With these patterns, you can attach requirements to LLM calls, intercept and inspect responses before returning them to the user, enforce strict output formats, or include automated checks on certain types of content. In parallel, IBM is researching a concept Lastras describes as brain swapping: agents that can switch between different models, choosing the most suitable one for each subtask. Instead of always relying on a huge, generic, and expensive model, you can lean on smaller, specialized ones, as long as you give them enough inference time and keep context well aligned. In several tested scenarios, this combo of solid engineering patterns with smaller, focused models outperformed, in quality, heavier and more generalist options.
The preparation tax: why assuming the machine knows is technical debt
To wrap up this mosaic, there is a practical view from Justin Chau, a senior engineer at Intuit. He sums up a sensitive point with a blunt line: implicit assumptions are technical debt. What feels obvious to you does not exist for the AI until it is explicitly stated. If you do not make clear what is acceptable, what is off-limits, and where the boundaries of the task are, you are basically planting time bombs of unexpected behavior down the road.

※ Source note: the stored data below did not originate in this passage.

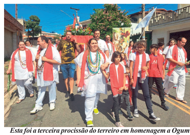
Esta foi a terceira procissão do terreiro em homenagem a Ogum

É de mostrar a Umbanda para as pessoas, de deixar um pouquinho na rua, na casa de cada um a proteção desse Orixá maravilhoso”, disse. “Ogum para mim é tudo. Quem me dá equilíbrio, força, me ajuda a vencer todas as batalhas que eu tenho na minha vida, quem enxuga minhas lágrimas, ele é tudo”, destacou. A Tenda Umbandista Caminhos de Aruanda fica na Rua Cavalheiro Frontini, 356, São João Clímaco, e as giras acontecem às sextas-feiras, 20h.
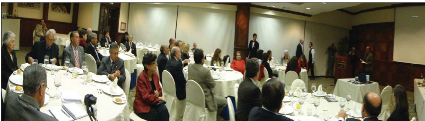
Visita del Gobernador a su Club Quito
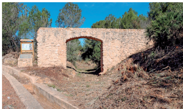
El elemento patrimonial hidráulico.
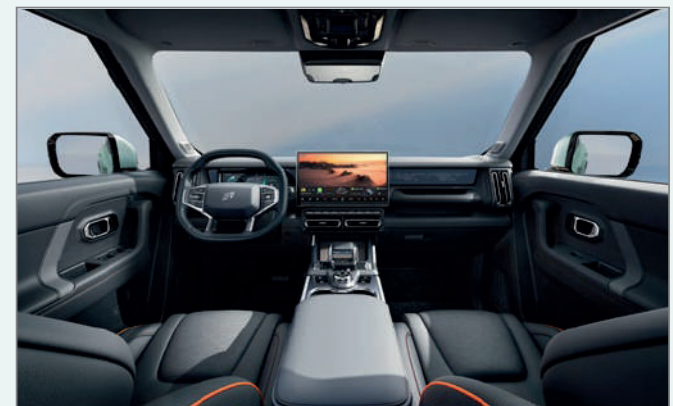
Black & Orange

One piece of advice he highlights is flipping how we usually write instructions. Instead of focusing only on what the AI should do, it is worth emphasizing the limits of what it can do. Well-defined constraints work like hard nos that are harder for the model to ignore. If you say that under no circumstances an agent may use HTML in a given output, for example, that rule tends to be followed much more strictly than a simple please return plain text.
Even stronger than explicit constraints is the absence of permission. If the agent cannot access a repository, an API, or a codebase, it simply cannot touch it, no matter how good the underlying language model is. For Chau, this is a practical way to reduce risk: instead of trusting only textual instructions, you design the environment so that certain actions are impossible, protecting critical systems without having to manually review every response.
This work of preparing context, designing constraints, picking sources, and breaking problems into smaller parts is what many people are already calling the preparation tax. There is no way around it. Just like in The Hitchhiker’s Guide to the Galaxy, where a supercomputer spends ages calculating the answer to the ultimate question of life, the universe, and everything and returns a dry 42, we are finding out that having powerful tech without asking the right questions, without decomposing problems properly, and without taking care of context only leads to empty answers. Instead of a future where AI does everything on its own, what we see today is a landscape where it pushes us into a constant cycle of preparation, orchestration, and review.
In the end, the message coming from Netflix, Meta, IBM, Intuit, and others is neither apocalyptic nor utopian. It is a very pragmatic warning: AI really can turbocharge your workday, create room to experiment more, test more hypotheses, and speed up projects. But the price for that acceleration is learning to think like a context engineer, accepting the preparation tax, and seeing agents not as infallible wizards, but as powerful tools that need clear boundaries, good sources, and a human carefully conducting the orchestra.